Ricard tells me his charitable foundation, Karuna Shechen, aided more than 200,000 people in 500 villages after the recent devastating earthquake that shook Nepal. He has helped treat hundreds of thousands of patients, and put tens of thousands of children in schools. It seems then, that the world is a better place since he swapped the peace of the Himalayas for his new hectic schedule of engagements.
Altruism
His latest book, Altruism, provides a complex look at a remarkably simple approach to solving the ills of the world. Ricard’s work has always revolved around positive transformation, and now he has published an 800-page guide to using one of the traits most inherent to human nature to overcome the challenges of the 21st century.
Listening to Matthieu make a case for altruism and its plethora of positive consequences, it all seems so obvious. And is it a coincidence that the person who has helped so many humans on this planet is also known as ‘the world’s happiest man’?
The book took him five years to write, and contains an impressive 1,600 scientific references, providing a convincing argument on how important the widespread adoption of genuine concern for the wellbeing of others could be for changing the world.
He takes a three-pronged look at the world’s main challenges: the economy in the short-term, life satisfaction in the mid-term, and the environment in the long-term.
The last thing one might expect from a Buddhist monk is a deep and nuanced knowledge of modern economics, but this is just what Ricard possesses. Our conversation sees him talk in-depth on how the traditional model could be adapted to a more caring form of economics for the benefit of everyone. The issue of climate change is also covered in great detail in Altruism, with compassion presented as the solution to the growing catastrophe.
A global book
Ricard summarises his work: “The book is really the culminating point of all life between the east and west, modern science and traditional science, and mind science, or Buddhism let’s say; but mostly it’s not about Buddhism at all. It’s really a global book of a human being who happens to be a Buddhist monk. I used everything I could learn through 70 years, and I researched for five years to point out that altruism is not a luxury or utopia, but the only answer to the challenges of our times.
Positive change
He has an indomitable belief in the goodness of the human spirit, but explains a new methodology is needed to create positive change: “Except for a few greedy psychopaths in suits who only want to make money at the cost of others, basically you can assume that people wish for a better world.
“But unless they have a concept with which to build a better world together, then they’re just lost, groping in the dark. So the idea of having more consideration for others is the only concept that works, there’s really no other.
“I’m not saying that I found something extraordinary. I didn’t find anything, it just occurred to me when talking to all these wonderful people from different disciplines that this was the unifying concept; it’s not a big discovery, it just seems obvious tome.”

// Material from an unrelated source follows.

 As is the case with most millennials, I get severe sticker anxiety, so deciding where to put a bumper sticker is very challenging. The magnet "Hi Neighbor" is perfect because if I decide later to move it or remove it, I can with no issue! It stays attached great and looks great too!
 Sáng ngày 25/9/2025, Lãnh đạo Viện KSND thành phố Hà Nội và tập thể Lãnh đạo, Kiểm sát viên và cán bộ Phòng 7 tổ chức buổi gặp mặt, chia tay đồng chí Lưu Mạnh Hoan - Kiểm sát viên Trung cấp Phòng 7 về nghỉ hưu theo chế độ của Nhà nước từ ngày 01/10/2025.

At the heart of Ricard’s belief in the potential of widespread altruism is his confidence in human nature. But it’s not just that he’s an optimist; he says science is also on his side.
Basically good
“People are basically good. If you look at evolution, one of the difficult points was how evolution can explain altruism; now you see all the great evolutionists like Martin Nowak with ideas that actually say cooperation has been much more creative to evolution than competition. Those are not just eccentric guys; they are the core of the science.
The book’s chapter ‘The Banality of Good’ asserts that many have the wrong impression about humanity: “Everyday good does not make much commotion and people rarely pay attention to it; it doesn’t make the headlines in the media like an arson, a horrible crime, or the sexual habits of a politician.”
Kindness
However Ricard believes inspiring kindness is all around us: “There’s this vast exaggeration of the negative aspect of human activities. When you tell people that violence has constantly declined over the last five centuries people say ‘it’s impossible, it’s not true’. But violence has steadily decreased – it’s about 100 times less than five centuries ago all over the world.

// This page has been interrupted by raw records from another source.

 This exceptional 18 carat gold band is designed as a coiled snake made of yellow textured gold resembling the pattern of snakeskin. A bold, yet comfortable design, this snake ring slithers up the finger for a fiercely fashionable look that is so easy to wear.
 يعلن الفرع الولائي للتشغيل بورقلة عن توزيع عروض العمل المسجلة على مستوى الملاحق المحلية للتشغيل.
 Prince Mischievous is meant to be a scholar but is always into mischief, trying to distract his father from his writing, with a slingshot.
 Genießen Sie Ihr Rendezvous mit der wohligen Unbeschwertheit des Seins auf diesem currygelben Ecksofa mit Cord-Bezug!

“Look at NGOs; the rise of the NGO is the true revolution of the 20th century. There are millions of NGOs and people who spend their time trying to do something for others, so why do we not give more attention to that?”
This vision means, Ricard believes, that we are perfectly placed to start tapping into what is already a part of us, to create something better: happier societies, a more compas- sionate business environment, and a less damaging approach to the environment.
Environment
While he had not initially planned to include the environment in his work, Ricard tells me that the book took a whole lot longer since the importance of altruism to the planet’s future became all too apparent.
“Professor Lord Stern from the London School of Economics did a calculation that there might be 200 million climate refugees within 30 years. Compared to that, Lampedusa is just nothing”, he says, referring to the Italian island currently at the heart of a refugee crisis.
“Around 30 per cent of all species could disappear by 2050. Everything is interdependent, it’s not just about losing a few frogs in the Amazonian forest, everyone will be affected; not only humans, our whole biosphere will be completely different. That’s the sixth major extinction of species since life appeared on earth. It’s not about some apocalypse doomsday scenario, it’s just what’s happening.”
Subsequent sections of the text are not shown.